# Daisy's Cockapoo pals :)



## Sezra (May 20, 2011)

Daisy wanted me to introduce her bestest Cockapoo pals to you. The beautiful blonde girl is Lexi and the fabulous curly coated apricot is Max. Also in the video is Alfie a Sharpei, Max a Jackadoodle cross and a barky dog I hadn't met before!


----------



## wilfiboy (Sep 18, 2010)

Oh they look lovely together... and what a nice day, lucky you x


----------



## Sezra (May 20, 2011)

I go there everyday but this was the first time the three of us had got together! It was so lovely to see them running around! Apologies for me in the middle of it telling Daisy to leave the bottle!


----------



## Cockapoodledoo (Feb 8, 2011)

........but how obedient! Clever Daisy. 

The start of our walks are always meeting and playing with other dogs on the green. Love it, and it's so good for them to play with all kinds of breeds. Daisy's friends are rather yummy it has to be said. 

Karen xx


----------



## Sezra (May 20, 2011)

Cockapoodledoo said:


> ........but how obedient! Clever Daisy.
> 
> The start of our walks are always meeting and playing with other dogs on the green. Love it, and it's so good for them to play with all kinds of breeds. Daisy's friends are rather yummy it has to be said.
> 
> Karen xx


She is brilliant ! I am just waiting for the teenage stage when she starts to ignore me again! Max is a bit like that at the moment, but he is lovely!  

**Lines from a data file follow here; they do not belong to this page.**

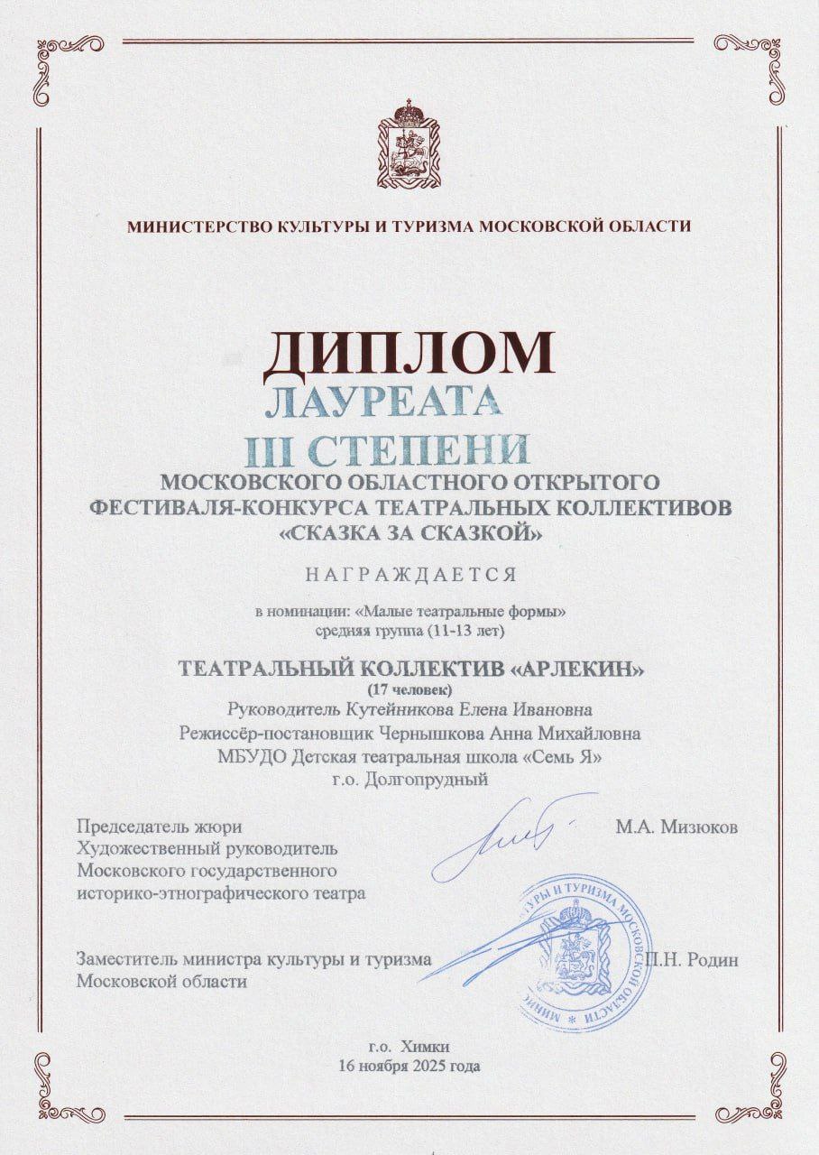 Группа «Арлекин» с спектаклем «Сказка о золотом петушке» стала Лауреатом III степени!
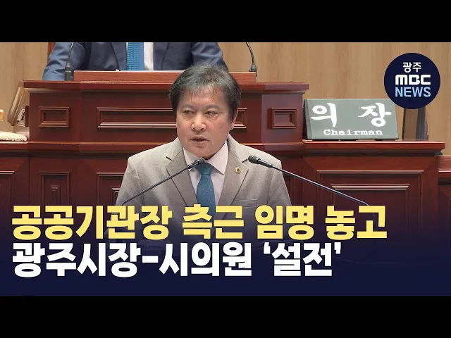 오늘 광주시 시정질문에서는이른바 '엽관제'를 두고강기정 시장과 박희율 광주시의원 간의설전이 벌어졌습니다. 박희율 광주시의원은 시정질문에서 "지난해부터 광주시에서 지방별정직 등으로 채용한 50명 가운데 상당수가 강기정 시장 선거 캠프 출신"이라며보은 임용을 중단하라"고 주장했습니다.이에 대해 강기정 시장은...
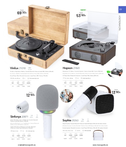 Record Player. Wood. Bluetooth Connection. Sound Power 3Wx2. Battery 1200 mAh. CD Player. Wood. Bluetooth Connection. Sound Power 3Wx2. Battery 2000 mAh.

It was funny because Daisy and Max had been out together for three mornings in a row and then we went out with Lexi and her owner that evening. Lexi tells Max off if he gets a bit rough by barking at him. When she told him off, it didnt matter what Daisy was doing she went over to Lexi and barked at her as if to say 'Don't bark at my friend'!  I didn't tell Daisy that actually Lexi and Max had been friends for quite some time!  She must be quite taken with him!


----------



## JoJo (Mar 2, 2011)

I love doggy play dates  

Daisy is fab and I love her friends too .... You are lucky have cockapoos friends near by.. so nice for Daisy ...


----------



## caradunne (Nov 29, 2010)

Really lovely picture, looks like fun.


----------



## Rufini (Sep 9, 2011)

aw so cute! I can't wait to do this with Vincent  

Daisy is so big! And I love her fur  lovely!! :love-eyes:


----------



## ali-s.j. (Jun 6, 2011)

Ah, that's lovely, Daisy has grown loads


----------



## Sezra (May 20, 2011)

Yes she has grown! 

Her coat is lovely but she doesn't like being brushed!  The other Cockapoo Mums trim their dogs so I think I am going to see if I can get some trimming advice from them. I am trying to trim around Daisy's eyes but she hates it! 

Her and Lexi have a similar coat but Max is much curlier and denser, really fabulous all of them!


----------



## Jedicrazy (Apr 26, 2011)

Great video Sarah, Daisy is looking fab! So glad she ended up with you.


----------



## Sezra (May 20, 2011)

Oh thank you, that is really kind! I am glad she ended up with me aswell! 

How is Obi today?


----------



## Jedicrazy (Apr 26, 2011)

Doing brilliantly - the steroids are really working! He greeted me with a rub this morning and he is letting me gently stoke his back and body....cuddle time is coming :hug:


----------



## Sezra (May 20, 2011)

Jedicrazy said:


> Doing brilliantly - the steroids are really working! He greeted me with a rub this morning and he is letting me gently stoke his back and body....cuddle time is coming :hug:


That is lovely, I am so pleased for you both. xxxx


----------



## M&M's mummy (Jul 12, 2011)

awww hasn't she grown and she looks such a happy girl.

I love to see dogs playing together.


----------